2

Question: How do I get Adobe Acrobat Pro DC to export all PDF files in a folder as text files ?

Using the Action Wizard on the Tools menu of Adobe Acrobat Pro DC I was able to create a custom command which allowed me to export (OCR) thousand of images as pdf files. I now want to export those images; which are now searchable as text files. However I cannot seem to find a similar set of tools to do this.

Note: There is an export button that allows me to export files one-at-a-time as a text file but I cannot seem to find something that will allow me to run a command on entire folder.

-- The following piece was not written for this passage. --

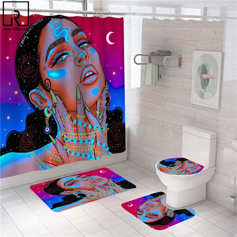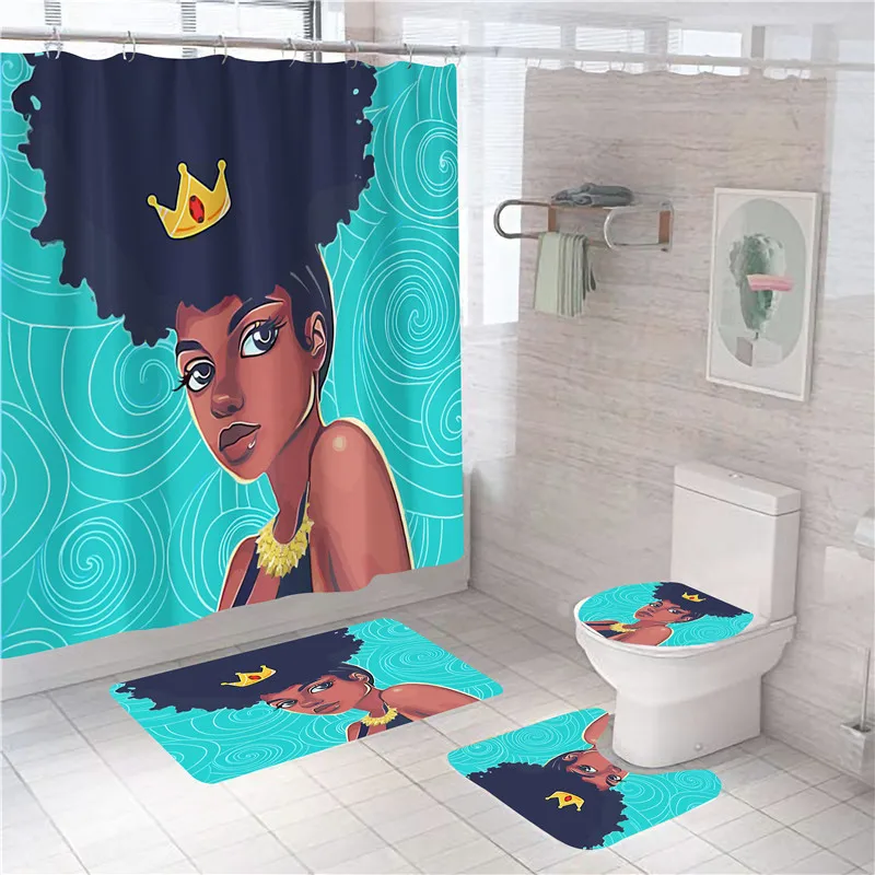 Американские женские 3D занавески для душа, водонепроницаемые черные перегородки для ванной комнаты, мягкий набор ковриков для ванной комнаты, коврик для купания, крышка для туалета

EDIT: I called customer support and a possible work around is to combine all the files into one giant PDF file and then export the pdf file. On the other hand I need a separate ID for each pdf file exported as text so that is not an option.

user3195446
  • 153
  • 1
  • 7

1 Answers1

1

You may use PowerShell combined with Xpdf.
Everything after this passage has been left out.